# New garage you say?



## andyollie (Dec 5, 2005)

here my new one being taken down for me and the lads to put back up again (that will be fun)


----------



## Ducky (Mar 19, 2007)

Are we talking 'garage' or 'hangar' here! :lol:


----------



## Neil_S (Oct 26, 2005)

Garage!? You got a stealth bomber to put in it? :lol:


----------



## Phil H (May 14, 2006)

holy moses!


----------



## diesel-dave (Mar 8, 2007)

good job andy, i like it


----------



## dino (Oct 26, 2005)

Don't do things by half do you Andy! lol


----------



## Epoch (Jul 30, 2006)

Are you swaping the Audi for a Blimp or something!!!

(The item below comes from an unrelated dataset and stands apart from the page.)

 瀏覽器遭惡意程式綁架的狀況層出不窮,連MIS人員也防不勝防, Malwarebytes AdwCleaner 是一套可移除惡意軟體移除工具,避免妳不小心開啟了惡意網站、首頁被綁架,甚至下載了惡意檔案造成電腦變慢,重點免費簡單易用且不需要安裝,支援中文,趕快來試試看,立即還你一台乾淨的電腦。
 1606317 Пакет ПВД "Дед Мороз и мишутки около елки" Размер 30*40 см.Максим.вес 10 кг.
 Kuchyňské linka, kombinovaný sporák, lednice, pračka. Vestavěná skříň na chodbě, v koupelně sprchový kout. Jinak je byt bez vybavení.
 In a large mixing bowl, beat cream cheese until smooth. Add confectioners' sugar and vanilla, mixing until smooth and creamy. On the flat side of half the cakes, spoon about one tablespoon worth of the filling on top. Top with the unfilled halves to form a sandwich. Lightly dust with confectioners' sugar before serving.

I'll take the Audi though.

Nice one mate should make it easier to get around the car


----------



## P.M.V.Gavin (Feb 21, 2007)

thats one of those bomb shelters lol


----------



## GlynRS2 (Jan 21, 2006)

That looks cool :thumb:

You will be able to get a nice 4 post lift in there so that you can detail the underside of your car too


----------



## Detail My Ride (Apr 19, 2006)

Your sure thats a garage? Or your new gay bar?


----------



## 306chris (Jan 27, 2007)

All you need now is a runway and an air traffic control tower.

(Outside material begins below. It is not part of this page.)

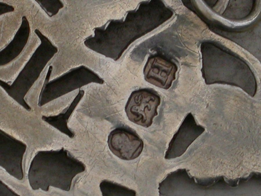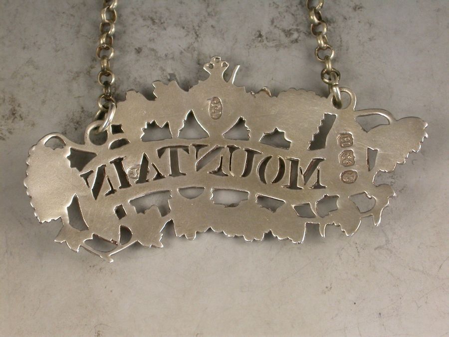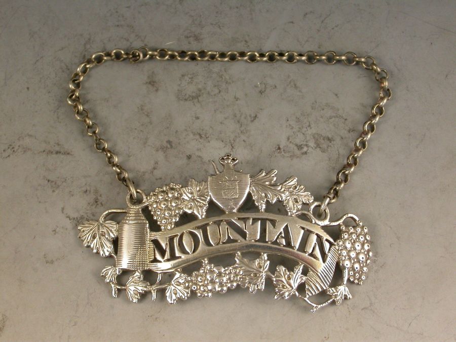 A fine and rare George III cast silver Wine Label of pierced scroll form with border of vine leaves and grapes surrounding the scrolled name plate pierced for Mountain.

That is going to be one mother of a garage - not jealous, honest.


----------



## Seano (Feb 24, 2007)

Thats one helluva sized freezer / cooker..... but tons of space all the same....good on yer Andy...:thumb:


----------



## Johnnyopolis (Oct 25, 2005)

Epoch said:


> Are you swaping the Audi for a Blimp or something!!!
> 
> I'll take the Audi though.
> 
> Nice one mate should make it easier to get around the car


One in the same isnt it


----------



## GAZA62 (Jan 23, 2007)

You detailing UFO's now  thats a monster of a garage


----------



## davekt (Mar 26, 2007)

Nice Garage


----------



## Dasco (Jun 6, 2006)

you lucky bugger wish i had a hanger/garage that size im in the sun after midday so mainly do my detailing in the mornings and hoover inside in the afternoon


----------



## Cayman S (Apr 29, 2007)

Cool buddy !


----------



## Silver (Aug 23, 2006)

WTF!!..lol.

Garage for wat though!!


----------



## gerry connelly (Nov 16, 2006)

Garage or nuclear fallout shelter??


----------



## rst1990 (Apr 29, 2007)

could park a bus in there lol


----------



## Naddy37 (Oct 27, 2005)

rst1990 said:


> could park a bus in there lol


Or a truck full of magners...


----------



## Clark @ PB (Mar 1, 2006)

lol,i'm not surprised to see this actually.....Some boy Andy


----------



## JJ_ (Oct 26, 2005)

andy i have some 747's to detail would you be so kind ?


----------